Students, faculty, and TAs of the 2013 Workshop (2013 Group Photo Key)
Welcome to the Workshop on Molecular Evolution
Directors: David Hillis (University of Texas, Austin) and Mitch Sogin (Marine Biological Laboratory, Woods Hole)
Course Dates: July 21 to July 31, 2013
2014 Course Dates: July 27 to August 6, 2014.
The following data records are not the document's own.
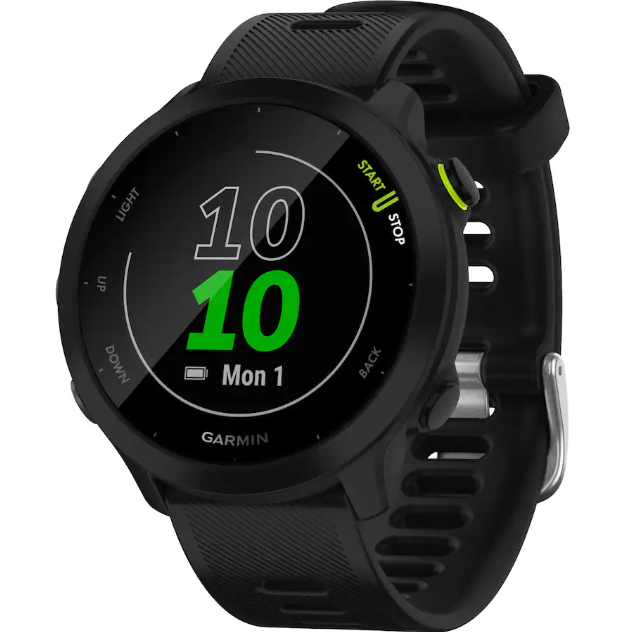 See yourself as a runner. Forerunner 55 is the GPS running smartwatch that goes beyond pace and heart rate (this is not a medical device) stats. Take the guesswork out of training with personalized guidance and daily suggested workouts based on your training history and fitness level. Change things up with HIIT and breathwork activity profiles. Advanced wellness tracking features, such as all-day respiration monitoring, intensity minutes and more, put you in tune with your body. Get more runs in between charges, thanks to this watch’s long battery life, and make it truly your own by downloading watch faces, apps and more from the Connect IQ Store (requires Garmin Connect app and Connect IQ app loaded on a compatible smartphone).
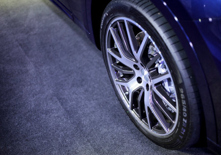 Thailand - March 26 : Close up shot of front wheel from Mitsubishi Concept GR-HEV on display at the 34st Bangkok International Motor Show on March 26; 2013 in Bangkok, Thailand.
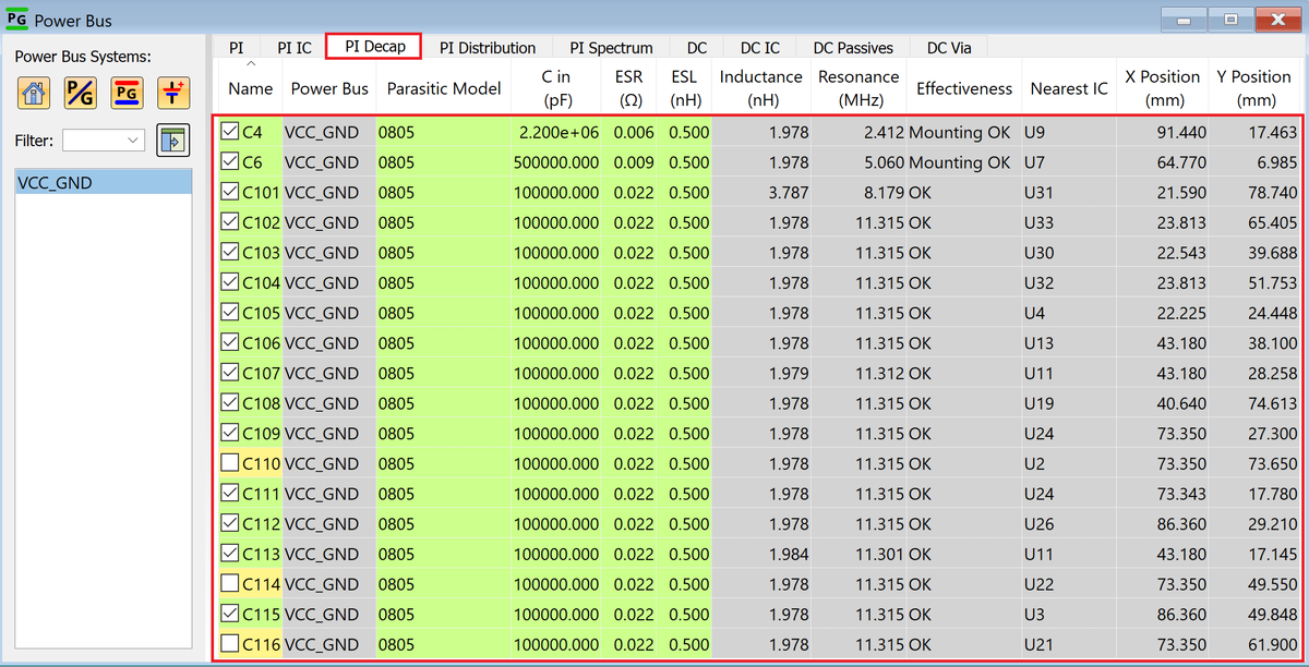 - In the PI/EMI Analysis module, select the Power Bus view, PI Decap tab. For each decoupling capacitor, the following values are displayed in this tab: capacitance, inductance, resistance frequency, connected bus power name (supply source), nearest IC, etc.
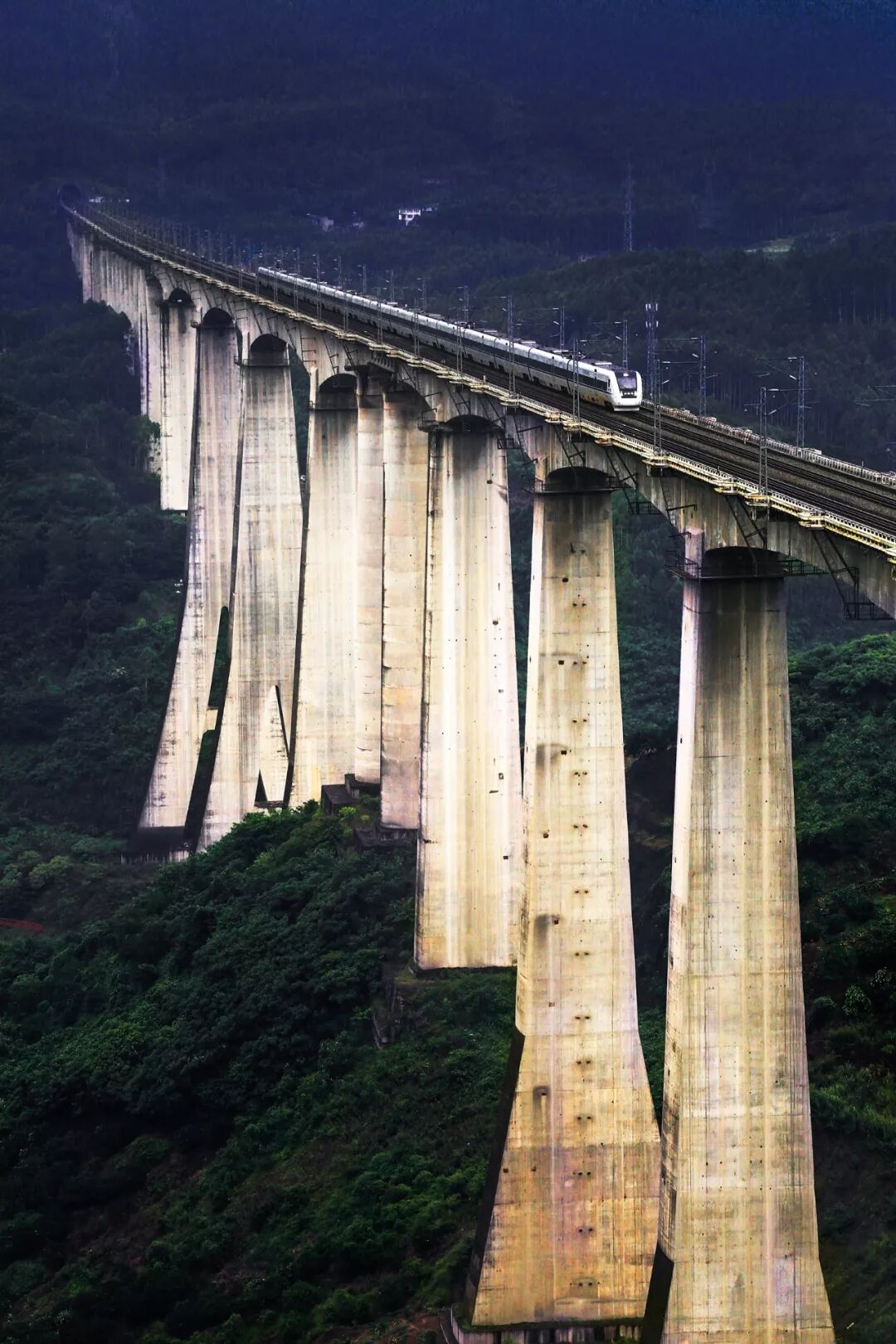▼蔡家沟特大桥,位于沪汉蓉快速客运通道的重庆-利川段,最高墩139米,是世界上最高的双线铁路桥墩,摄影师@武嘉旭

MBL Course Page (to apply)
Course Facebook Page
Now in its 26th year, the MBL's Workshop on Molecular Evolution at Woods Hole presents a series of lectures, discussions, and bioinformatic exercises that span contemporary topics in molecular evolution. The workshop encourages the exchange of ideas among leading theoreticians, software developers, and workshop participants. The workshop serves graduate students, postdoctoral students, and established faculty from around the world. The 2013 Workshop will use computer packages including AWTY, BEAST, BEST, FASTA, FigTree, GARLI, MIGRATE, LAMARC, MAFFT, MP-EST, MrBayes, PAML, PAUP*, STEM, STEM-hy, and SeaView to address the following topics:
- Phylogenetic analysis: theoretical, mathematical, and statistical bases; sampling properties of sequence data; Maximum likelihood theory and practice; Bayesian analysis; hypothesis testing
- Population genetics analysis using coalescence theory; maximum likelihood and Bayesian estimation of population genetic parameters
- Databases and sequence matching: database searching: protein sequence versus protein structure; homology; mathematical, statistical, and theoretical aspects of sequence database searches; multiple alignment
- Molecular evolution integrated at organism and higher levels: population biology; biogeography; ecology; systematics and conservation
- Molecular evolution and development: gene duplication and divergence; gene family organization; coordinated expression in evolution
- Comparative genomics: genome content; genome structure; genome evolution
- Molecular evolution integrated at lower levels: biochemistry; cell biology; physiology; relationship of genotype to phenotype
Students will work with computer packages on their own laptops and have the opportunity to use the high performance computer clusters at the MBL.